Repeat every line of the listing below exactly, minus the pictures.

◆ **Information given**
########################################
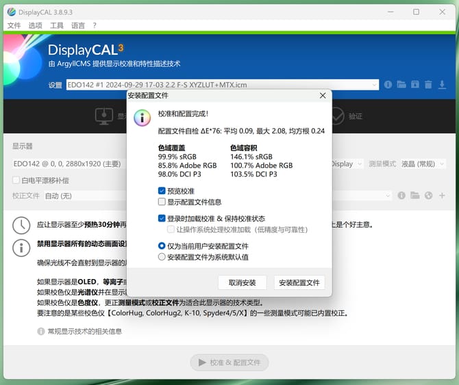 在使用爱色丽 i1 display 校色仪实测屏幕的色域,可以看到色域覆盖99.9% sRGB,色域容积146.1% sRGB,可以满足创作设计对屏幕色彩的需求,相当优秀了。
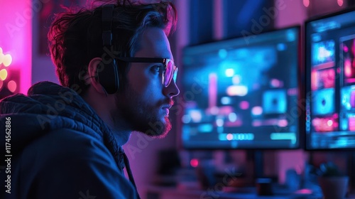 A focused individual wearing headphones is engaged in work at dual monitors, illuminated by vibrant blue and pink lighting.
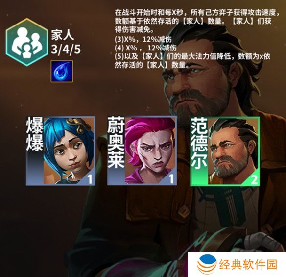 在战斗开始时和每X秒,所有己方弈子获得攻击速度数额基于依然存活的【家人】数量。
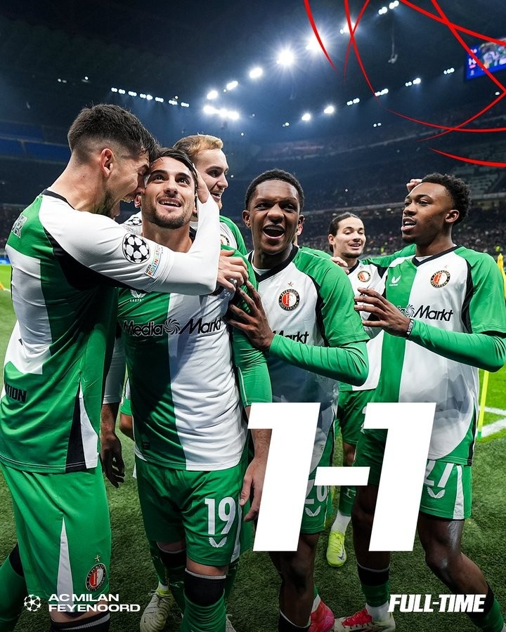 2月19日訊 費耶諾德在本輪歐冠客場1-1逼平米蘭,總比分2-1晉級歐冠十六強戰(zhàn)。
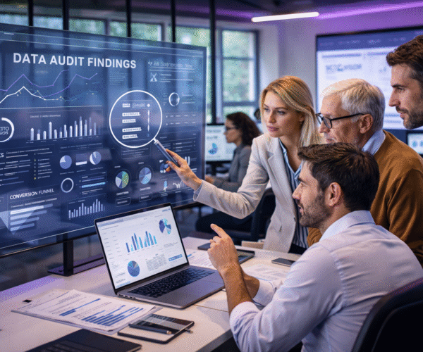 A digital audit evaluates your website performance, user experience, conversion funnels, traffic sources, branding consistency, and technical infrastructure. It identifies weaknesses and growth opportunities across your entire digital ecosystem.
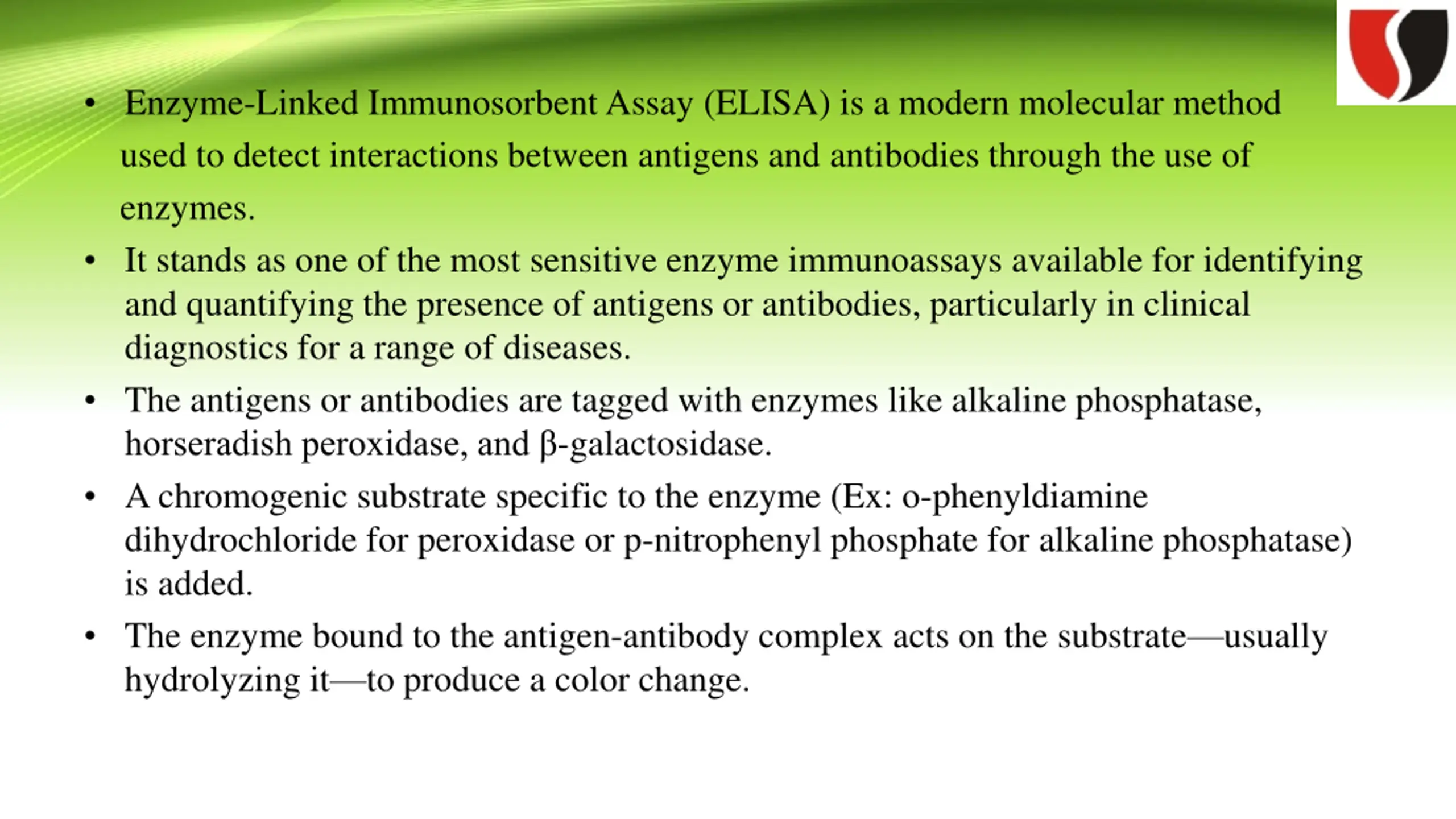 Enzyme-Linked Immunosorbent Assay (ELISA) is a modern molecular method used to detect interactions between antigens and antibodies through the use of enzymes. It stands as one of the most sensitive enzyme immunoassays available for identifying and quantifying the presence of antigens or antibodies, particularly in clinical diagnostics for a range of diseases. The antigens or antibodies are tagged with enzymes like alkaline phosphatase, horseradish peroxidase, and -galactosidase. Achromogenic substrate specific to the enzyme (Ex: o-phenyldiamine dihydrochloride for peroxidase or p-nitrophenyl phosphate for alkaline phosphatase) is added. The enzyme bound to the antigen-antibody complex acts on the substrate usually hydrolyzing it to produce a color change.
########################################
◆ **Task output**
 在使用爱色丽 i1 display 校色仪实测屏幕的色域,可以看到色域覆盖99.9% sRGB,色域容积146.1% sRGB,可以满足创作设计对屏幕色彩的需求,相当优秀了。
 A focused individual wearing headphones is engaged in work at dual monitors, illuminated by vibrant blue and pink lighting.
 在战斗开始时和每X秒,所有己方弈子获得攻击速度数额基于依然存活的【家人】数量。
 2月19日訊 費耶諾德在本輪歐冠客場1-1逼平米蘭,總比分2-1晉級歐冠十六強戰(zhàn)。
 A digital audit evaluates your website performance, user experience, conversion funnels, traffic sources, branding consistency, and technical infrastructure. It identifies weaknesses and growth opportunities across your entire digital ecosystem.
 Enzyme-Linked Immunosorbent Assay (ELISA) is a modern molecular method used to detect interactions between antigens and antibodies through the use of enzymes. It stands as one of the most sensitive enzyme immunoassays available for identifying and quantifying the presence of antigens or antibodies, particularly in clinical diagnostics for a range of diseases. The antigens or antibodies are tagged with enzymes like alkaline phosphatase, horseradish peroxidase, and -galactosidase. Achromogenic substrate specific to the enzyme (Ex: o-phenyldiamine dihydrochloride for peroxidase or p-nitrophenyl phosphate for alkaline phosphatase) is added. The enzyme bound to the antigen-antibody complex acts on the substrate usually hydrolyzing it to produce a color change.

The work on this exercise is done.